Выбрать главу

Для эллина невообразимо, как можно удержать в балансе и взаимном притяжении противоречащие начала. Он не обращает внимания на пример естественной природы, поскольку моделирует гармонию сам. Смысл эстетизма — построение идеального. К идеальному эстетизм приковал себя пудовыми цепями. Парность и равновесие подвели эллиническое сознание к математическому расчету. Понятие «эллиническое сознание» условно и потому не следует приписывать его только грекам. В контексте наших рассуждений это сознание симметрической гармонии и идеализированной эстетики.

Именно эллины начали соперничество рукотворения в красоте и совершенстве форм с самой Природой. Достижения эстетизма здесь оказались столь впечатляющими, что их лучшие образцы способны вызывать настоящее потрясение у наблюдателя. Я думал об этом, стоя под величественными сводами миланского собора Дуома. Трудно представить себе что-либо более грандиозное в великолепии и изяществе. Если, конечно, забыть розовые скалы Вуоксы, подернутые хладным дыханием северной зари.

Тем бесполезнее кажется эта погоня за красотой рукотворения, чем шире взгляд человека в открытый мир Природы. Никогда еще подделка не превосходила сам оригинал. Попробуйте сравнить морской бриз под звездами таврической ночи с сухим полотном мариниста. Оно хорошо лишь как визуальный сигнал для оживления памяти. Ведь возбуждение чувств вызывает не само полотно, а память, к которой оно взывает.

Поиск идеального, божественного вне Природы неизбежно должен был привести к воцарению идеалистических догматов. Даже в период рассвета античности, когда ее гармония достигла удивительного равновесия между физическим совершенством атлетизма и божественной одухотворенностью идеи человеческого равностояния с богами, эстетизм «клинит» на самоедство. Вполне допустимо, что интеллект эстетов устал от им же созданного представления о богах. Идеализация должна была толкнуть божественное в область непостижимого, и она это сделала.

Естественно, что ни в одной христианской трактовке нет ни слова правды об истинной причине принятия христианства. История показывает нам только косвенные связи, пряча иногда прямые причины вообще за грань логически допустимого. Христианизация с ее жесточайшими мерами подчинения подняла новую Империю, новый Рим, взамен исторически истощенной цивилизации. Божественного в этом явлении было не более, чем в собирании подосиновиков.
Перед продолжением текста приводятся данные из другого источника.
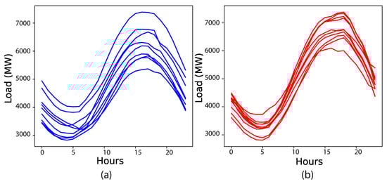 Selected summer season normal load profiles: (a) real; (b) generated.

Просто идеология четвертого века не могла не опираться на религию, как впрочем и идеология варваров десятого века. Эстетизм христианства был особо показателен именно для варваров, в большинстве своем впервые увидевших набитые золотом храмы.

Недоумение по поводу того, почему нужно поклоняться голому трупу иноверца на искаженной форме языческого креста подавлялось единственным веским аргументом — плетью, а для самых непонятливых оставили меч.
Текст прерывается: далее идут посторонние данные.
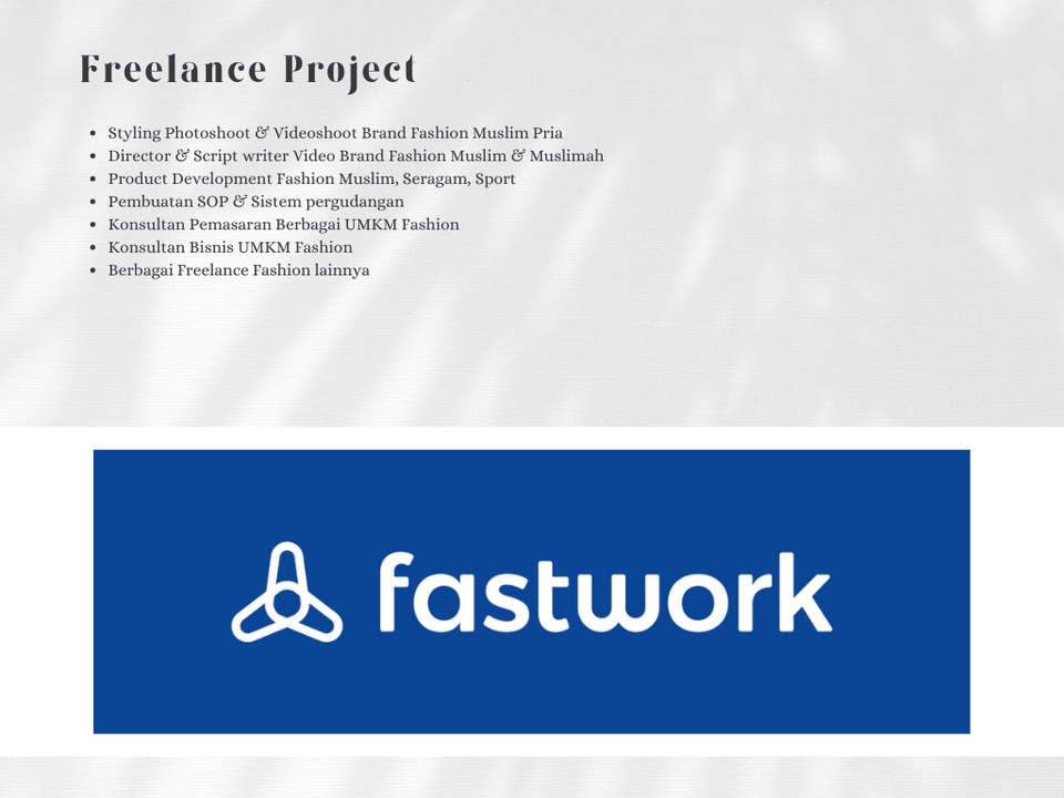 Kami berpengalaman lebih dari 8 tahun di Industri fashion dan memahami proseb bisnis fashion sejak pra produksi hingga after sales. kami ikut serta dalam membangun dan mengembangkan berbagai bisnis fashion khususnya pakaian. dengan pengalaman tersebut kami akan membantu anda dalam membangun bisnis sejak perencanaan hingga launching yang akan kami rangkum dalam bebagai dokumen seperti : 1. Business Canvas 2. Business Plan 3. Production Plan 4. Budgeting 5. Marketing Strategy 6. dan file lainnya sesuai kebutuhan anda Langkah Pekerjaan 1. Order Dibuat 2. Penawaran, Faktur 3. Pembayaran 4. Bekerja 5. Tinjauan 6. Selesai

Русь вступила в один из континентальных блоков. Ей просто не дали стоять в стороне от происходившего раздела Европы. Однако, более гиблое занятие, чем превращение варвара в псевдоэстета, просто трудно себе представить.
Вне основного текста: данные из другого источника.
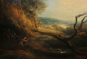 Brigands lying in way for a stagecoach in a wooded mountain landscape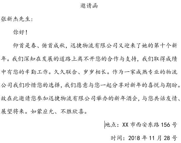 3.对齐方式设置:“邀请函”三个字居中对齐(4 分);称呼采用左对齐(4 分);落款地 点和时间采用右对齐(4 分)。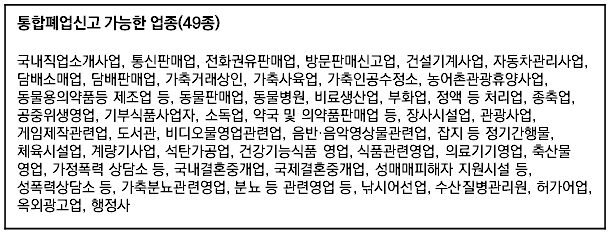 통합폐업신고는 세무서나 시·군·구청 중 한 곳만 방문해 폐업신고할 수 있는 제도다. 지난 2013년 도입한 이래 적용 업종을 점차 확대해 현재 총 49개 업종의 사업자가 이를 활용할 수 있다.

Эстетизм, в отличие от варварства, всегда навязывает себя миру. Толпы духовных проповедников пытаются донести до нас нечто такое, чего мы не знаем. Их наивное самомнение вызывает восторг. Помню, как в беседе с одним из американских пастырей наш варвар процитировал отрывок кумранских рукописей, на языке оригинала, чем, собственно говоря, не вызвал никаких эмоций у своего оппонента, поскольку американец просто не знал об их существовании.

Познание и варварство несоединимы только с точки зрения самих эстетистов. Могу утверждать, что я варвар именно потому, что степень моего познания значительно превосходит эстетический потенциал.

В эстетизме знания узко нормированы. Они подчинены централизованной симметрии. Варвар может опровергнуть любую аксиому в этой системе, выстраивая законы в иной системе. Такую модель, со всеми ее догмами и непреложными истинами легко опровергнуть, если построить иную систему координат.

Задумайтесь на минуту — знания стали продуктом измерения!

Однако даже эстетизму очевидно, что нет абсолютного числа, а стало быть и не существует абсолютного измерения. Значит, наука все время повторяет условно правильные формулировки законов. Получается, что истина стала заложницей способа ее изложения. Но это же абсурд! Такое положение дел можно было бы считать бедой всего человечества, если бы здесь не обнаруживался более конкретный адресат — эстетический традиционализм.